===== RECORD EXTRACTS

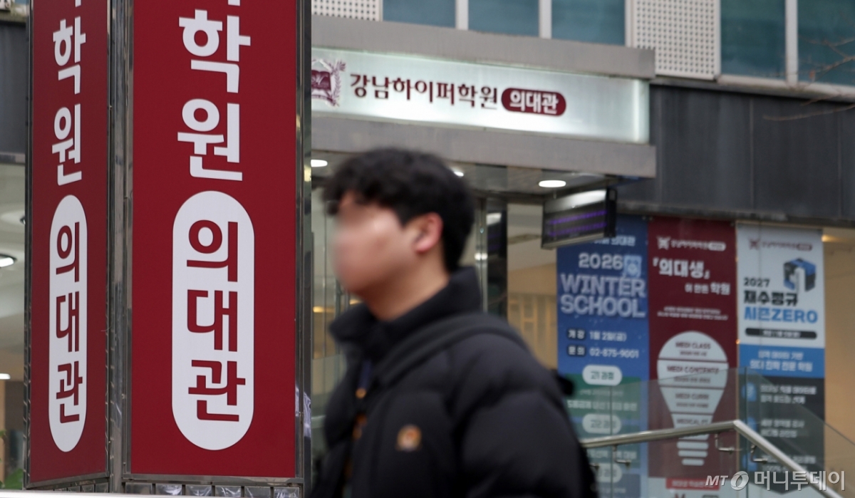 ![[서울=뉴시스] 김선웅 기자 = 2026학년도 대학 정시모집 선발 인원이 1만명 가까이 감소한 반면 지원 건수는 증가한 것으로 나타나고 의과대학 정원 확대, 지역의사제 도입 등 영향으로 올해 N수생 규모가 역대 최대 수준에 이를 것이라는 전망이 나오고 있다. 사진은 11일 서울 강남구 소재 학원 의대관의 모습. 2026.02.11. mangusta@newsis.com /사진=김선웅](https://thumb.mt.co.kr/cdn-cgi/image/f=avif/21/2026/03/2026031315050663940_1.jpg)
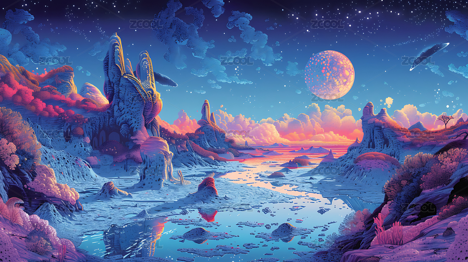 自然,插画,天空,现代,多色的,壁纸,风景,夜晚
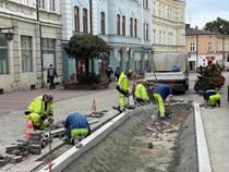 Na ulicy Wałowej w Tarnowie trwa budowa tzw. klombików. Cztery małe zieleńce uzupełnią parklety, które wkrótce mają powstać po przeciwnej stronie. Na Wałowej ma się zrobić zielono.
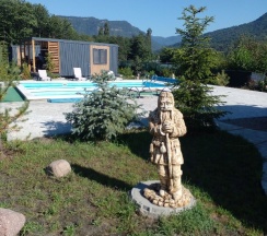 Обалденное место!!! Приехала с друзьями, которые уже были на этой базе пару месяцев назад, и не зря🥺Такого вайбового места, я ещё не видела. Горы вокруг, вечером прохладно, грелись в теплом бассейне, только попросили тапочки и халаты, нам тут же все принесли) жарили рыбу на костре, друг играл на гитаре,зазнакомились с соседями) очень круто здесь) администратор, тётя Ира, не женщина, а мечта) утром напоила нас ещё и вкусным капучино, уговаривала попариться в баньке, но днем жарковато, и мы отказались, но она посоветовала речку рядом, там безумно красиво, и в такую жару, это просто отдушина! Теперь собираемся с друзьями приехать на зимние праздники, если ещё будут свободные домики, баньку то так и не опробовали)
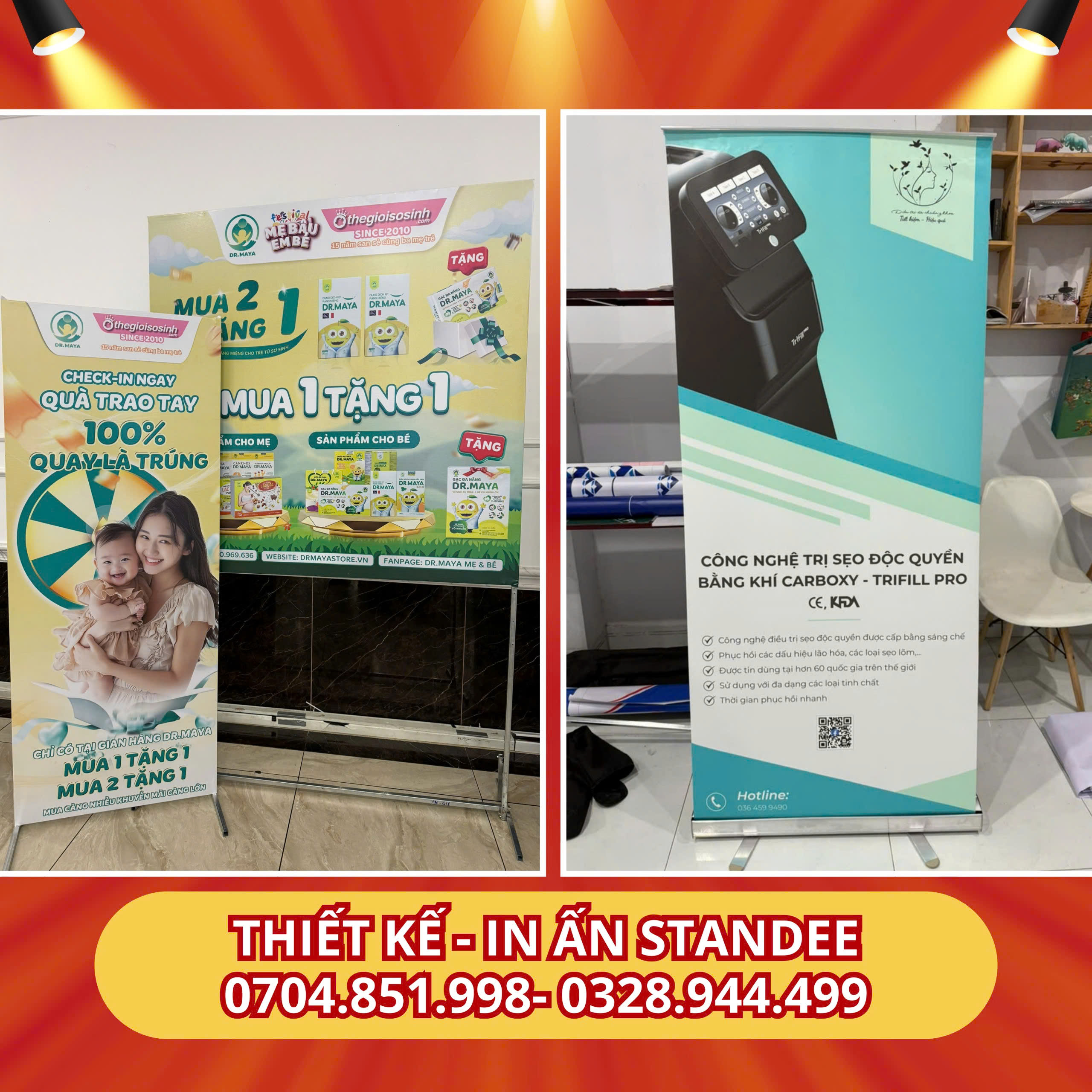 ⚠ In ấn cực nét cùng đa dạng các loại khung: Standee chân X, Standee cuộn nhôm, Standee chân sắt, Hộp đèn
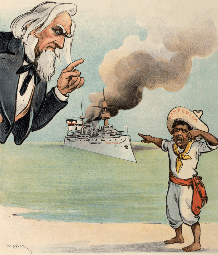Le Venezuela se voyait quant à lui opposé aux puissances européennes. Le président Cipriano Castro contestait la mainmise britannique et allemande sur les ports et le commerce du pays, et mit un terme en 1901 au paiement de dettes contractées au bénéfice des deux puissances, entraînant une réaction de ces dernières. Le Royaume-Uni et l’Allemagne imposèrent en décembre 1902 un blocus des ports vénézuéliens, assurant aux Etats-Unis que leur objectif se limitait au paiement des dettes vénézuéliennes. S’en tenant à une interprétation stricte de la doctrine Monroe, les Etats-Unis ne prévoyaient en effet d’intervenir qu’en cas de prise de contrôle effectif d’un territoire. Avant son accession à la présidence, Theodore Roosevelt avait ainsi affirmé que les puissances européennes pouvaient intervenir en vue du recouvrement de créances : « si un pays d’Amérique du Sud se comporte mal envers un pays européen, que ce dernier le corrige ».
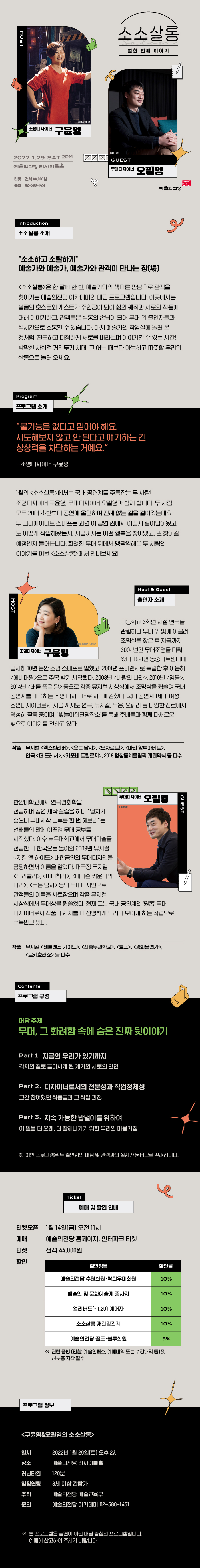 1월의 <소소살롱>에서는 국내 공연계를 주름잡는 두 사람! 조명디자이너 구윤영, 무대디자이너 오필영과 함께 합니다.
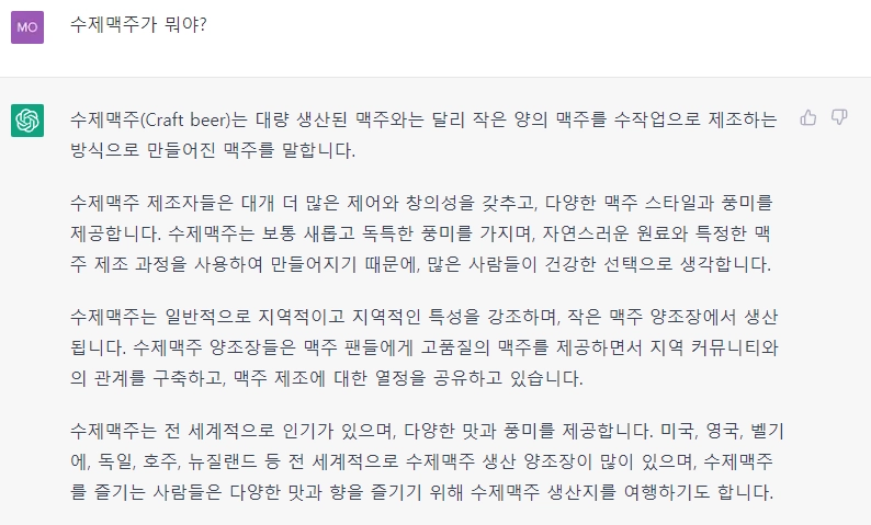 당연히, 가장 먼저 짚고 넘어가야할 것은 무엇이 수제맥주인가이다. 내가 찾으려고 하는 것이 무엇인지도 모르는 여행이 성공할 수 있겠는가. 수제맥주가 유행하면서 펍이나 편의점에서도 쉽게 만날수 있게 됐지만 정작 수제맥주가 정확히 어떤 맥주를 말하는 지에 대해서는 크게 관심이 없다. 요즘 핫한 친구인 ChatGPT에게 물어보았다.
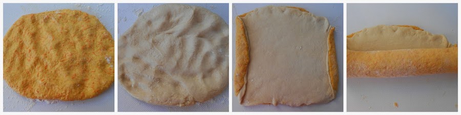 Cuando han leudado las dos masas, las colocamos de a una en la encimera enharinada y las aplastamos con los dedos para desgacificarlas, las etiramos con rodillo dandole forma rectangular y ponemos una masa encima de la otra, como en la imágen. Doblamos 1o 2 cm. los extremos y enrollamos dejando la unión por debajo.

==========

Leave the pictures out and repeat exactly the lines from the beginning of the records to the line bearing "Na ulicy Wałowej", both ends counted.

TASK RESULT >>
 ![[서울=뉴시스] 김선웅 기자 = 2026학년도 대학 정시모집 선발 인원이 1만명 가까이 감소한 반면 지원 건수는 증가한 것으로 나타나고 의과대학 정원 확대, 지역의사제 도입 등 영향으로 올해 N수생 규모가 역대 최대 수준에 이를 것이라는 전망이 나오고 있다. 사진은 11일 서울 강남구 소재 학원 의대관의 모습. 2026.02.11. mangusta@newsis.com /사진=김선웅](https://thumb.mt.co.kr/cdn-cgi/image/f=avif/21/2026/03/2026031315050663940_1.jpg)
 自然,插画,天空,现代,多色的,壁纸,风景,夜晚
 Na ulicy Wałowej w Tarnowie trwa budowa tzw. klombików. Cztery małe zieleńce uzupełnią parklety, które wkrótce mają powstać po przeciwnej stronie. Na Wałowej ma się zrobić zielono.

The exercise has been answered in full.